Chapter 20 Machine learning technicques
20.1 Gradient descent
20.1.1 Vector functions
Exercise 20.1
Consider a function \(f(\boldsymbol{x}) = e^{-\boldsymbol{x} \cdot \boldsymbol{x}'}\) where \(\boldsymbol{x}' = (x_{1}, x_{2})\).- Define the function in python. It’s argument should be a single vector \(\boldsymbol{x}\), and it should do the calculations in vector form.
- Compute the function value at \(\boldsymbol{x}_1 = (0, 1)'\), \(\boldsymbol{x}_2 = (1, 0)'\) and \(\boldsymbol{x}_3 = (1, 1)'\). Use column vectors as input!

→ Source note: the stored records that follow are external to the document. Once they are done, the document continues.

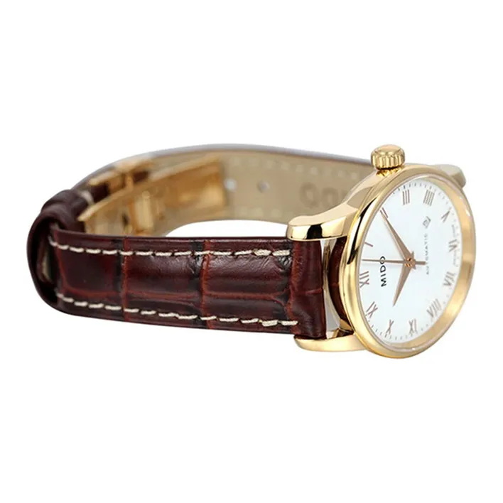 MIDO Baroncelli Автоматический Механический Часы Мужские Циферблат 38 мм Белый Нержавеющая Сталь Корпус Кожаный Ремешок
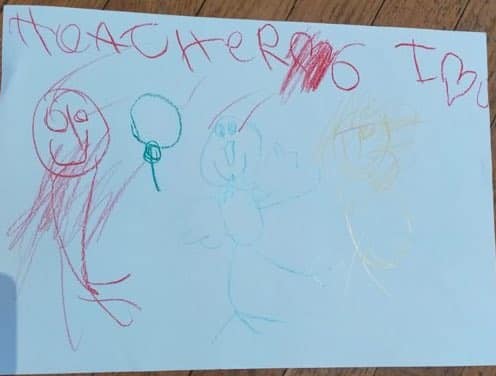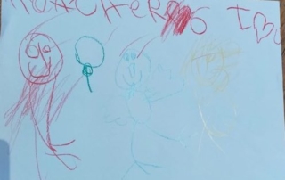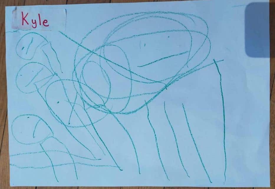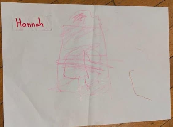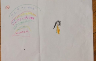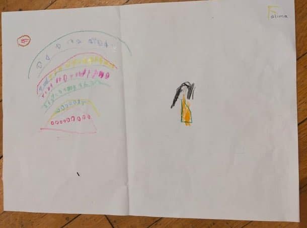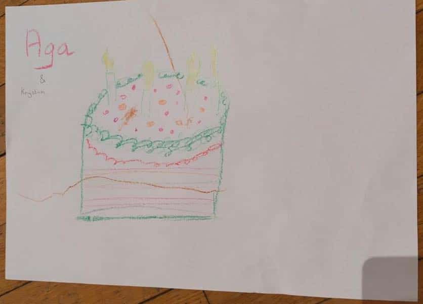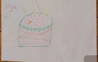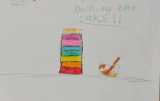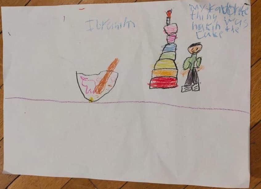 ‘I drawed a rainbow cake. I put in unicorn chocolate. That’s me with a smiley face. Baking cake was favourite part of today.’
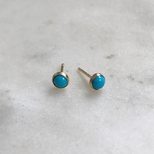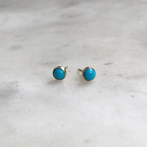 The 4mm Turquoise Studs are the perfect size for everyday wear! The vivid turquoise stones add an eye-catching charm to these delicate, but trendy stud earrings.Â
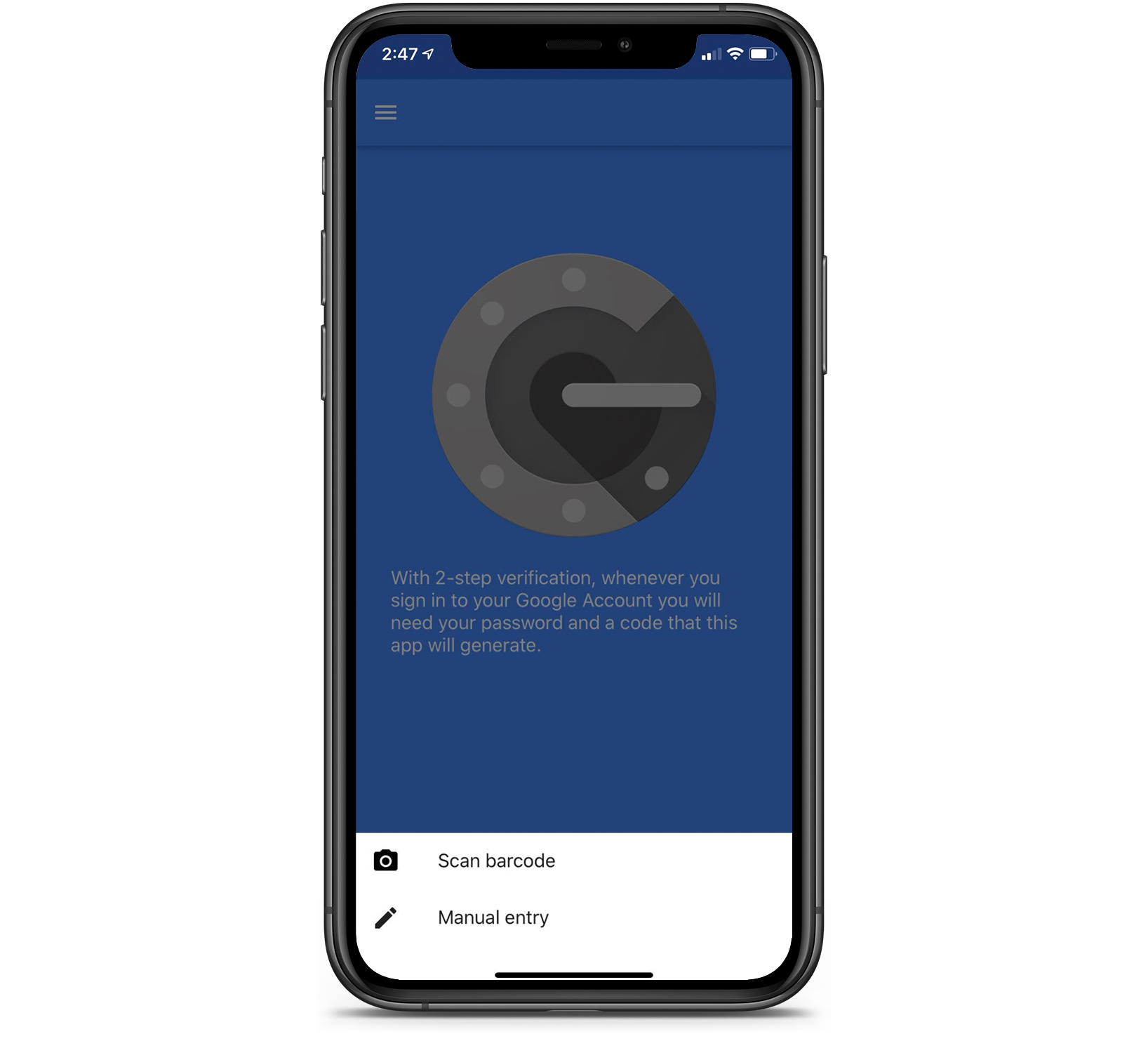点击“手动输入”,使用设备的屏幕键盘输入32位身份验证密钥代码。

- Compute (analytically, on paper) the gradient of the function. You may want to do it in non-vector form, writing the function as \(f(x_{1}, x_{2}) = e^{-(x_{1}^{2} + x_{2}^{2})}\). Compute the gradient, and transform it back into vector form!
- Define the gradient function in python. It should have a single argument, the vector \(\boldsymbol{x}\), and it should return a vector, the gradient value.

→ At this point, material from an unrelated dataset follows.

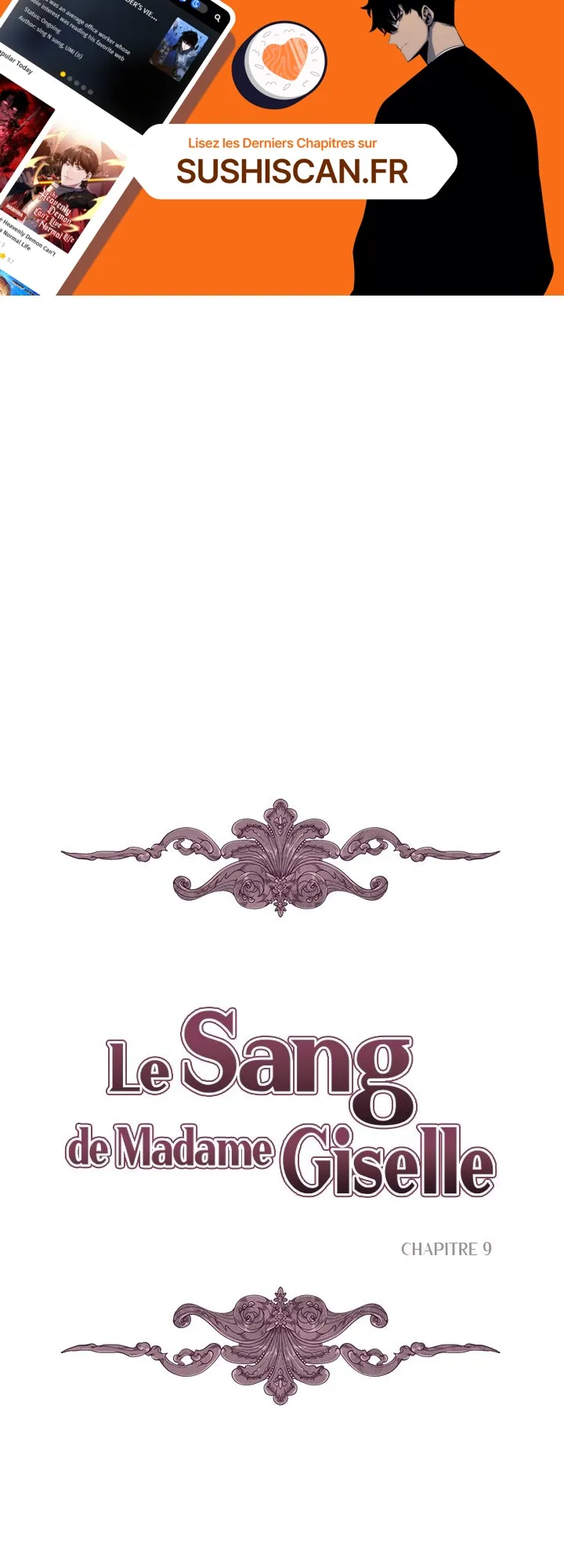 Lisez le dernier manga Le Sang de Madame Giselle Chapitre 9 sur SushiScan. Le manga Le Sang de Madame Giselle est toujours mis à jour sur SushiScan. N'oubliez pas de lire les autres mises à jour de manga. Une liste de collections de manga SushiScan se trouve dans le menu Liste de manga.

- Use the function to compute the gradient value at \(\boldsymbol{x}_{1} = (0, 1)'\), \(\boldsymbol{x}_{2} = (1, 0)'\) and \(\boldsymbol{x}_{3} = (1, 1)'\).
- Can this function compute gradient value at \(\boldsymbol{x}_{1} = (0, 1, 2, 3)'\)? Explain, and try!

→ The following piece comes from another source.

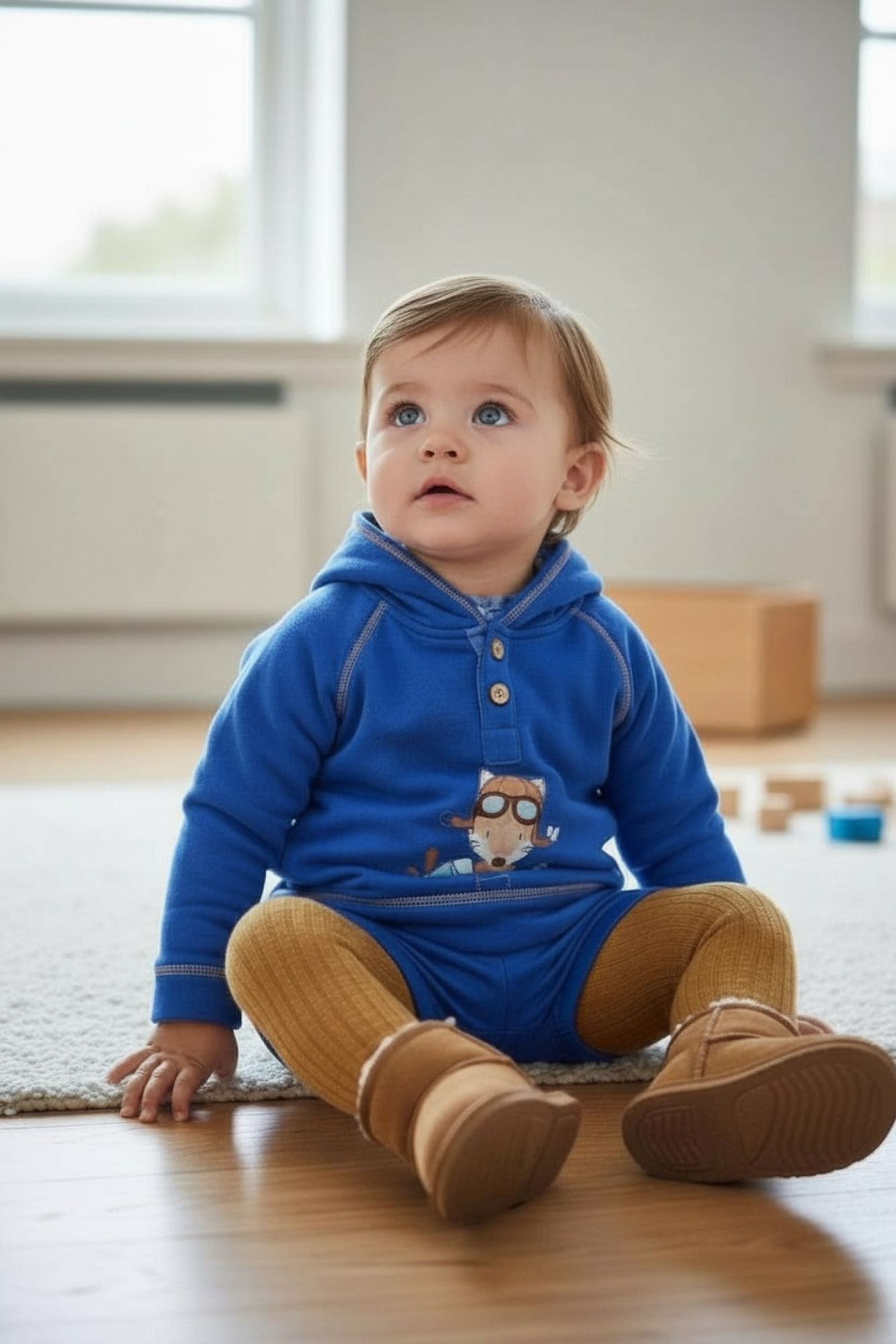 The sweatshirt, with a polka-dot-lined hood, features a cute aviator fox in the center for a fun and original touch.
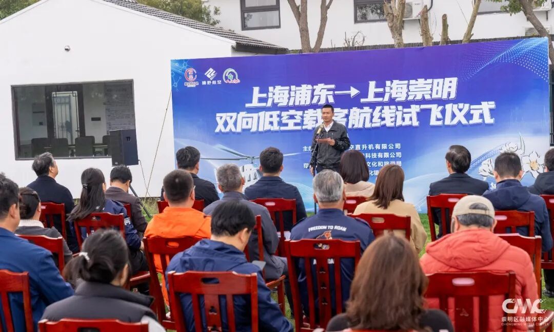 试飞活动现场,相关领导出席并致辞,表示将加速推进崇明区低空经济产业布局,依托航线优势激活区域交通新业态、新动能,助力低空经济这一新质生产力代表产业落地生根。

20.1.2 Visualizing the function and gradient
One can visualize functions that have 2-D vector argument. Let’s do it with the function
def f(x):
z = np.exp(-x.T @ x)
return z
def grad(x):
g = -2 * x * np.exp(-x.T @ x)
return g
def showFG(f, grad = None,
levels = (0.01, 0.033, 0.1, 0.33),
x1range = (-2, 2), x2range=(-2, 2)):
nGrid = 26
ex1 = np.linspace(x1range[0], x1range[1], nGrid)
ex2 = np.linspace(x2range[0], x2range[1], nGrid)
(xm1, xm2) = np.meshgrid(ex1, ex2)
x1 = xm1.ravel()
x2 = xm2.ravel()
z = np.zeros_like(xm1)
g1 = np.zeros_like(xm1)
g2 = np.zeros_like(xm1)
for i in range(nGrid):
for j in range(nGrid):
x = np.array([[xm1[i,j]], [xm2[i,j]]])
z[i,j] = f(x)[0,0]
if grad is not None:
g = grad(x)
g1[i,j] = g[0,0]
g2[i,j] = g[1,0]
fig = plt.figure()
ax = fig.add_subplot(111)
ax.set_aspect('equal')
cs = ax.contour(ex1, ex2, z, levels = levels)
ax.clabel(cs, inline=1, fontsize=10)
ax.quiver(ex1, ex2, g1, g2, width=0.002, headwidth=5)
## Print suggested levels, in case it is hard to know what is good
print("Suggested levels:")
print(np.percentile(z, (20, 40, 60, 80)))
showFG(f, grad)
## Suggested levels:
## [0.01147941 0.03540862 0.10921903 0.3368896 ]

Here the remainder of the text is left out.